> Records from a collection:
'''

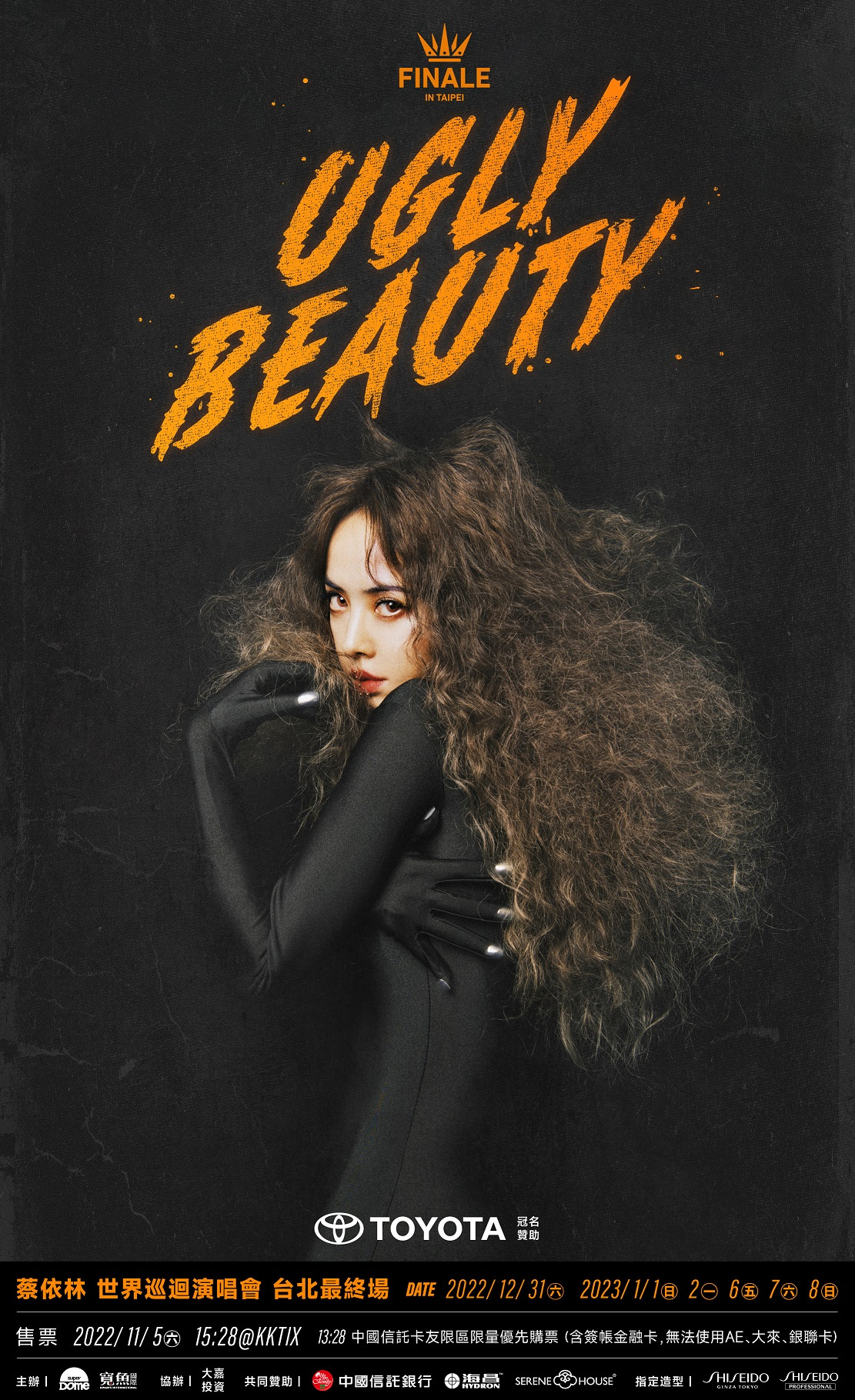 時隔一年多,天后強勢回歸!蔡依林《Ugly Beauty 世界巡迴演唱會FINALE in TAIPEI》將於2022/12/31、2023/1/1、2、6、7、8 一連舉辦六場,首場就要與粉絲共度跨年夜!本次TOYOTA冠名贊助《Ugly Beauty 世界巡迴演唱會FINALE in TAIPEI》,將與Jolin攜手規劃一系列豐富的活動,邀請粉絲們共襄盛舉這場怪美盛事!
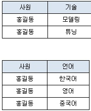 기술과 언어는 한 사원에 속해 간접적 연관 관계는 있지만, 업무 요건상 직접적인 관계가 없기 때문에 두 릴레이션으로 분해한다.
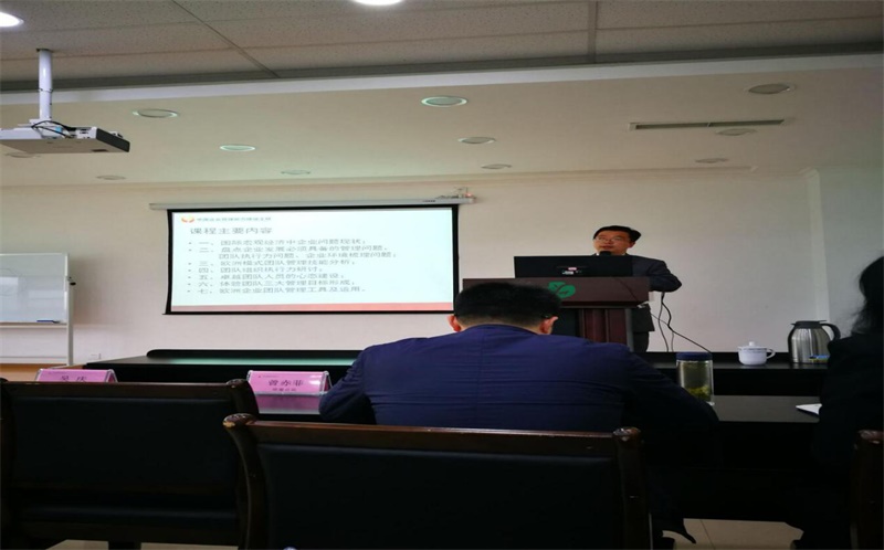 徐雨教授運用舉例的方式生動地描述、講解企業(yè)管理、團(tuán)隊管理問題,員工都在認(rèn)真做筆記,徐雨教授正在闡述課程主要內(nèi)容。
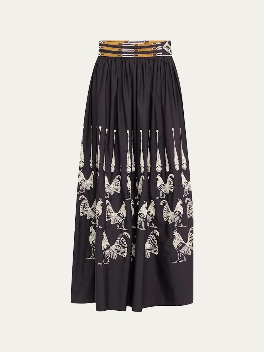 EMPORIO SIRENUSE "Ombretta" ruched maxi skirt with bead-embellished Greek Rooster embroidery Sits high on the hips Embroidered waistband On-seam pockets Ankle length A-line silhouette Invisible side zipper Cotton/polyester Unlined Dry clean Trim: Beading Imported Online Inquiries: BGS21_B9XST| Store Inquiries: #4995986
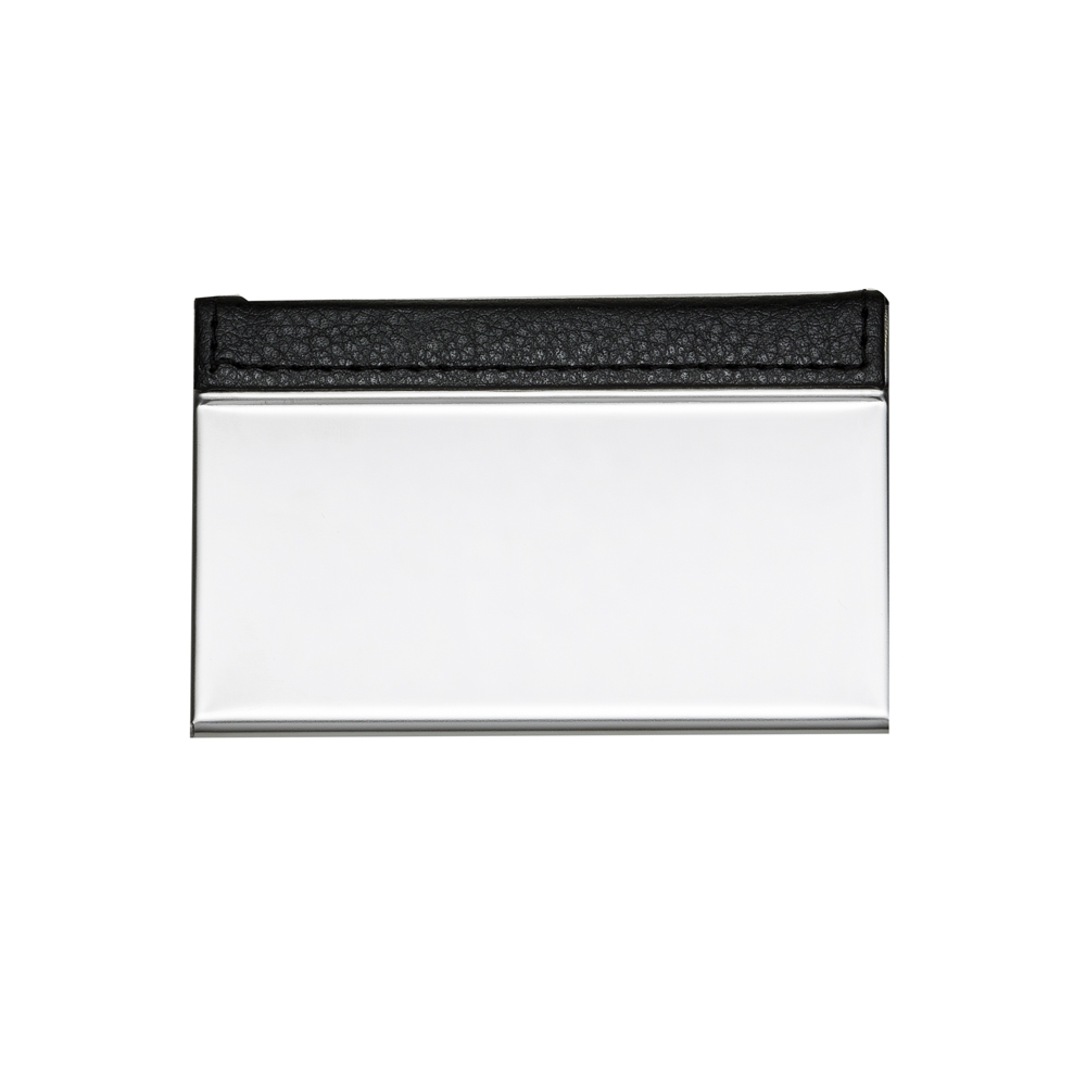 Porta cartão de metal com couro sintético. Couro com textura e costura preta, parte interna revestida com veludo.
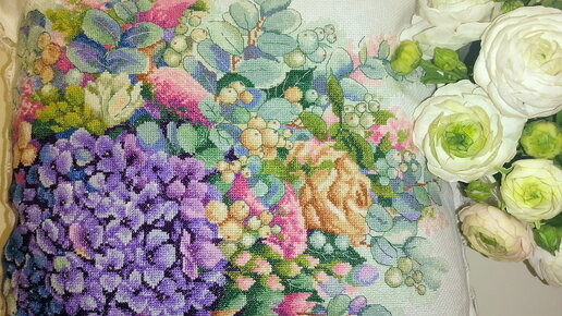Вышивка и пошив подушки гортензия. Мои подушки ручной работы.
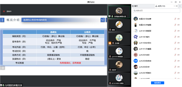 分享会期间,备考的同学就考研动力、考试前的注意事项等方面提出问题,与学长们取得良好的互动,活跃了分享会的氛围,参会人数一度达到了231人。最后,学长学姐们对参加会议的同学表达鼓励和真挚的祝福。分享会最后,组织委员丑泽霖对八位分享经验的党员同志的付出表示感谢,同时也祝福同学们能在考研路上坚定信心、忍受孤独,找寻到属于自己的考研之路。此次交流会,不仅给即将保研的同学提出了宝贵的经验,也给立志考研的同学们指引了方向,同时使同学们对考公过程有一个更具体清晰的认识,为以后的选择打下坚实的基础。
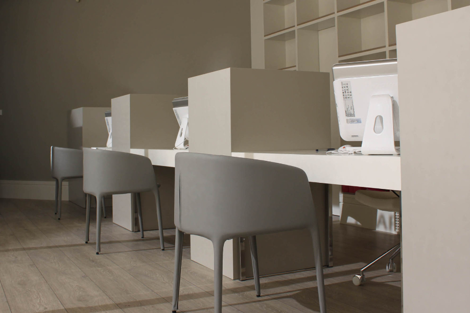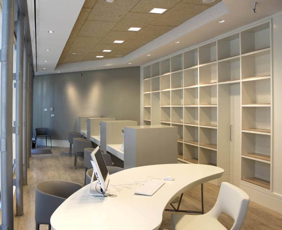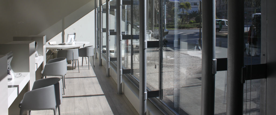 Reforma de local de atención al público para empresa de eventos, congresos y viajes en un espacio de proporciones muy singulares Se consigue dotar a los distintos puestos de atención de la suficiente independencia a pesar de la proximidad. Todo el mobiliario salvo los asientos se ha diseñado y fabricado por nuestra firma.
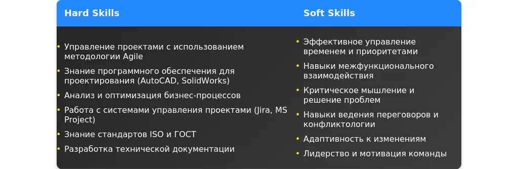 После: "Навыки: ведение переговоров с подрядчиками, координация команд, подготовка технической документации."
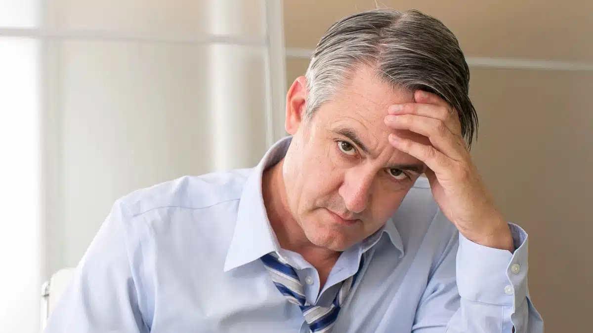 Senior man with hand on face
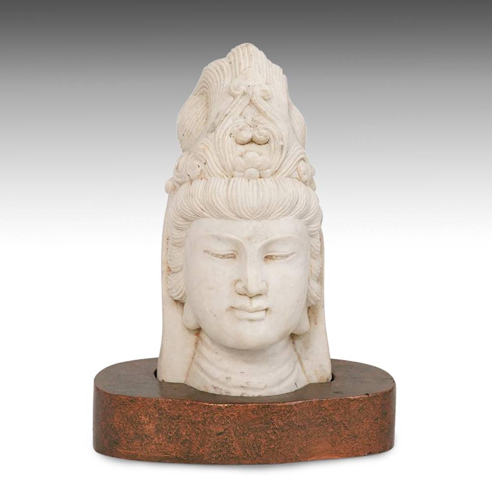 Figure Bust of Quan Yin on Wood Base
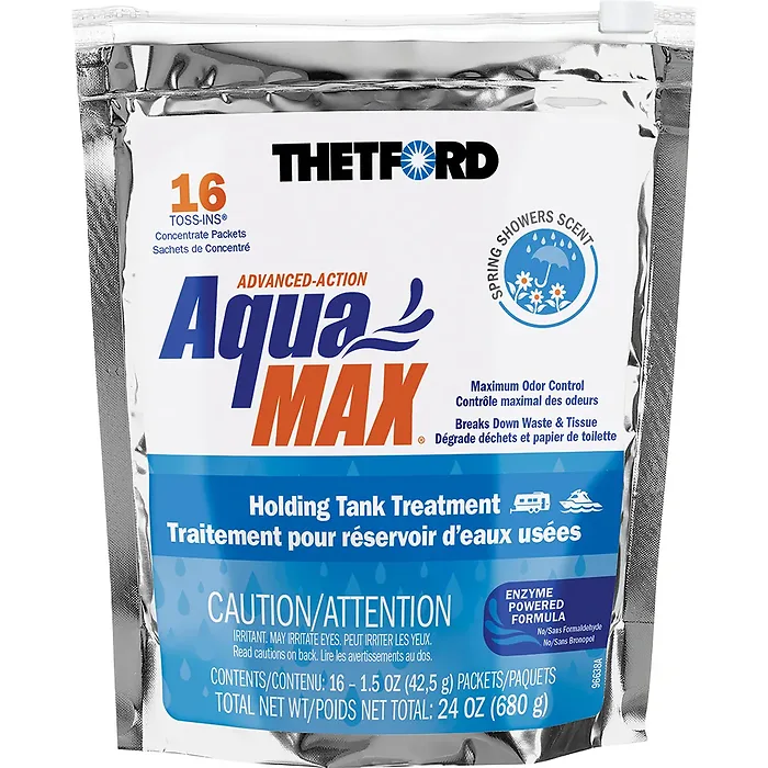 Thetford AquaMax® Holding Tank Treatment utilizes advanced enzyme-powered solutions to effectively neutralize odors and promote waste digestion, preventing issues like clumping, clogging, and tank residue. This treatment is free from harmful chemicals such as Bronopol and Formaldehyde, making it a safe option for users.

'''

> ABOUT THIS EXERCISE: Could the entries above be written out word for word, with no pictures?

> SOLUTION BELOW:
 時隔一年多,天后強勢回歸!蔡依林《Ugly Beauty 世界巡迴演唱會FINALE in TAIPEI》將於2022/12/31、2023/1/1、2、6、7、8 一連舉辦六場,首場就要與粉絲共度跨年夜!本次TOYOTA冠名贊助《Ugly Beauty 世界巡迴演唱會FINALE in TAIPEI》,將與Jolin攜手規劃一系列豐富的活動,邀請粉絲們共襄盛舉這場怪美盛事!
 기술과 언어는 한 사원에 속해 간접적 연관 관계는 있지만, 업무 요건상 직접적인 관계가 없기 때문에 두 릴레이션으로 분해한다.
 徐雨教授運用舉例的方式生動地描述、講解企業(yè)管理、團(tuán)隊管理問題,員工都在認(rèn)真做筆記,徐雨教授正在闡述課程主要內(nèi)容。
 EMPORIO SIRENUSE "Ombretta" ruched maxi skirt with bead-embellished Greek Rooster embroidery Sits high on the hips Embroidered waistband On-seam pockets Ankle length A-line silhouette Invisible side zipper Cotton/polyester Unlined Dry clean Trim: Beading Imported Online Inquiries: BGS21_B9XST| Store Inquiries: #4995986
 Porta cartão de metal com couro sintético. Couro com textura e costura preta, parte interna revestida com veludo.
Вышивка и пошив подушки гортензия. Мои подушки ручной работы.
 分享会期间,备考的同学就考研动力、考试前的注意事项等方面提出问题,与学长们取得良好的互动,活跃了分享会的氛围,参会人数一度达到了231人。最后,学长学姐们对参加会议的同学表达鼓励和真挚的祝福。分享会最后,组织委员丑泽霖对八位分享经验的党员同志的付出表示感谢,同时也祝福同学们能在考研路上坚定信心、忍受孤独,找寻到属于自己的考研之路。此次交流会,不仅给即将保研的同学提出了宝贵的经验,也给立志考研的同学们指引了方向,同时使同学们对考公过程有一个更具体清晰的认识,为以后的选择打下坚实的基础。
 Reforma de local de atención al público para empresa de eventos, congresos y viajes en un espacio de proporciones muy singulares Se consigue dotar a los distintos puestos de atención de la suficiente independencia a pesar de la proximidad. Todo el mobiliario salvo los asientos se ha diseñado y fabricado por nuestra firma.
 После: "Навыки: ведение переговоров с подрядчиками, координация команд, подготовка технической документации."
 Senior man with hand on face
 Figure Bust of Quan Yin on Wood Base
 Thetford AquaMax® Holding Tank Treatment utilizes advanced enzyme-powered solutions to effectively neutralize odors and promote waste digestion, preventing issues like clumping, clogging, and tank residue. This treatment is free from harmful chemicals such as Bronopol and Formaldehyde, making it a safe option for users.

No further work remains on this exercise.